■ Work to complete ■
Output the first line of the listing and each line after it, up to and including the line that contains "淘汰赛将会在6月3-4日举行,赛制为BO3双败淘汰赛。", exactly as written, minus the pictures.

■ Dataset extract ■
=== Section Start ===
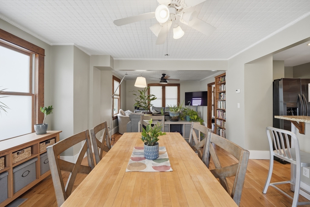 TASTEFULLY UPDATED FARMHOUSE LOCATED A STONES THROW FROM CHILDS PARK. This well-maintained, charming home offers a bright and inviting open layout, ideal for comfort and everyday living. The kitchen features ample custom shaker cabinetry and workspace, flowing seamlessly into the dining room for friends and family gatherings. The stately wood floors and the elegant tin ceilings add a timeless architectural charm and character that's hard to replicate. Enjoy generously sized bedrooms updated baths, and plenty of natural light throughout. The first and second floor porches are a nice touch, as is the deck overlooking the manageable back yard. Don't miss this opportunity to make this centrally located farmhouse your new amazing home!
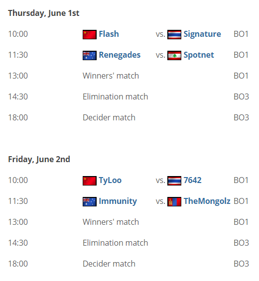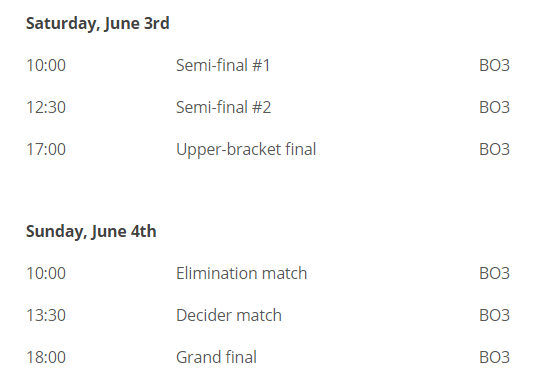 淘汰赛将会在6月3-4日举行,赛制为BO3双败淘汰赛。
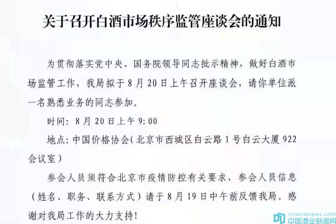 據悉,8月18日,國家市場監督管理總局價監競爭局發布的《關于召開白酒市場秩序監管座談會的通知》。通知顯示,“為貫徹落實黨中央、國務院領導通知批示精神,做好白酒市場監管工作,我局擬于8月20日上午召開座談會,請你單位派一名熟悉業務的同志參加。參會地址為中國價格協會。”
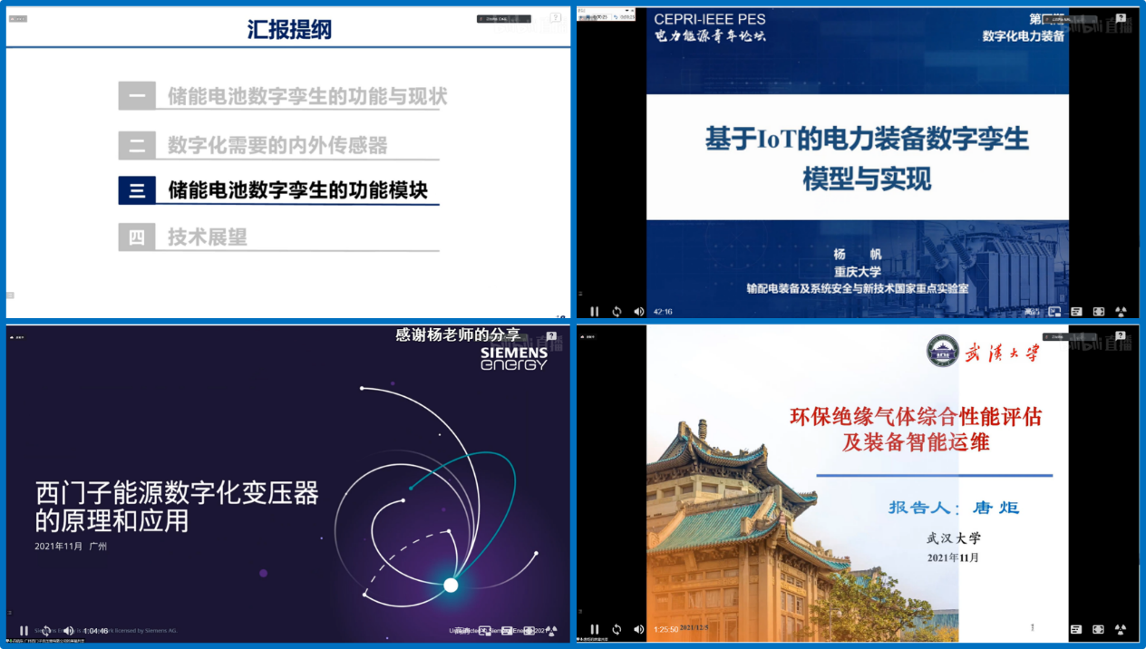 上海交通大学江秀臣教授以大规模化学储能电池的数字孪生为主题,分别讲述了储能电池数字孪生的功能与现状,数字化需要的内外传感器,储能电池数字孪生的功能模块和技术展望四个部分。重庆大学杨帆教授以基于IoT的电力装备数字孪生模型与实现为主题为大家做了主旨报告,从数字孪生相关技术发展、装备领域数字孪生技术框架引入基于IoT的电力装备数字孪生模型与实现,展示了电力装备数字孪生在设备的预测、仿真分析,复杂产品的设计、仿真验证方面的应用。广州西门子变压器有限公司副总工吕晓东以西门子数字化变压器的原理和应用为主题进行了讲解,介绍了西门子公司产品以数字化全球化城市化人口结构变化和气候变化为推动力,大力发展数字化产品,加强数据的管理和学习,同时展示了数字化装备在气体密度检测、产品寿命预测等方面的应用。外围十大玩球app唐炬教授通过SF6绝缘气体引入,以环保绝缘气体综合性能评估以及装备智能运维为主题为大家做了精彩的分享,为老师同学们在环保绝缘气体和装备智能运维的研究方面开辟了新的思路。
=== Section End ===
■ Reply to the task ■
 TASTEFULLY UPDATED FARMHOUSE LOCATED A STONES THROW FROM CHILDS PARK. This well-maintained, charming home offers a bright and inviting open layout, ideal for comfort and everyday living. The kitchen features ample custom shaker cabinetry and workspace, flowing seamlessly into the dining room for friends and family gatherings. The stately wood floors and the elegant tin ceilings add a timeless architectural charm and character that's hard to replicate. Enjoy generously sized bedrooms updated baths, and plenty of natural light throughout. The first and second floor porches are a nice touch, as is the deck overlooking the manageable back yard. Don't miss this opportunity to make this centrally located farmhouse your new amazing home!
 淘汰赛将会在6月3-4日举行,赛制为BO3双败淘汰赛。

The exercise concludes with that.